Homeowners Urged to Contribute to Muni’s Financial Rescue

ago 1 day
Homeowners Urged to Contribute to Muni’s Financial Rescue
Advertisement
Advertisement

The City of San Francisco is urging homeowners to support a parcel tax plan aimed at rescuing Muni, the city’s public transit system. If approved by voters in November, the tax would require most homeowners to pay a minimum of $129 annually.

Details of the Parcel Tax Plan

The tax proposal has been refined through negotiations between city officials and transit advocates, leading to a finalized version presented by Julie Kirschbaum, director of transportation at the San Francisco Municipal Transportation Agency (SFMTA). The new plan lowers rates previously suggested for apartment building owners while still implementing a cap on total tax contributions.

  • Owners of single-family homes or condos smaller than 3,000 square feet will pay $129 annually.
  • Homes between 3,000 and 5,000 square feet will incur additional charges of 42 cents per square foot.
  • Properties larger than 5,000 square feet will be taxed at $1.99 per square foot.

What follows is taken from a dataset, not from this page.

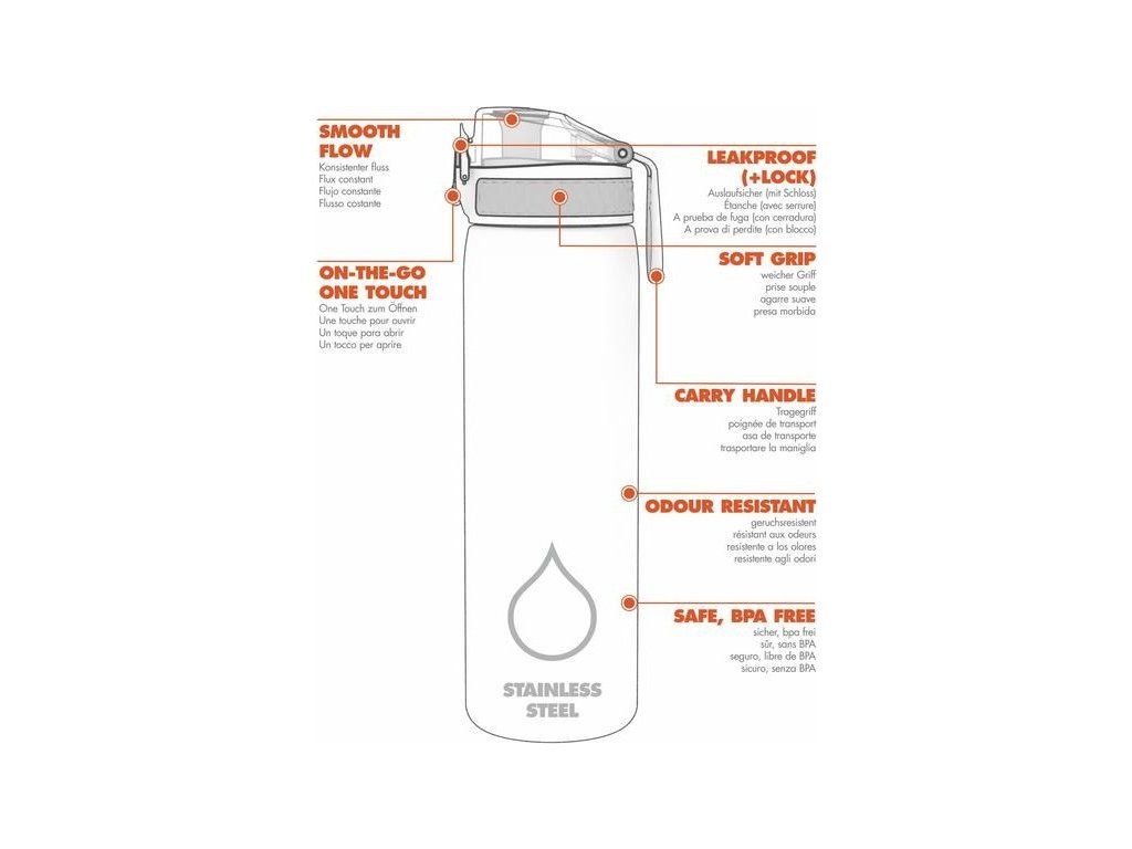 Láhev se snadno udržuje čistá, protože veškeré díly jsou snadno přístupné a omyvatelné. Doporučujeme pouze ruční mytí.

Tax Structure for Different Properties

  • Apartment buildings will have a base tax of $249 for up to 5,000 square feet, with additional square footage taxed at 19.5 cents.
  • The tax for commercial properties starts at $799 for buildings up to 5,000 square feet, scaling up to a maximum of $400,000 for larger spaces.
  • A tax cap of $50,000 is also included in the proposal.

Moreover, the update introduces rent pass-through provisions for owners of rent-controlled properties. They can pass through up to 50% of the parcel tax to tenants, capped at $65 per year.

Rationale Behind the Tax

This tax initiative aims to address a significant budget shortfall of $307 million, caused by decreased ridership following the pandemic and the loss of federal emergency funding. Without this new revenue, service cuts may become necessary.

The proposed tax will generate an estimated $183 million annually, a slight reduction from the initial projection of $187 million. $10 million of this revenue is earmarked specifically for expanding transit services.

Upcoming Steps

The next phase involves drafting formal legislation and initiating a signature campaign to secure a spot on the ballot. Stakeholders, under the guidance of Supervisor Myrna Melgar’s office, have reached consensus on the tax structure, with all details ready for documentation.

Support from the community is crucial for this financial rescue plan, as it seeks to secure the future of public transit in San Francisco.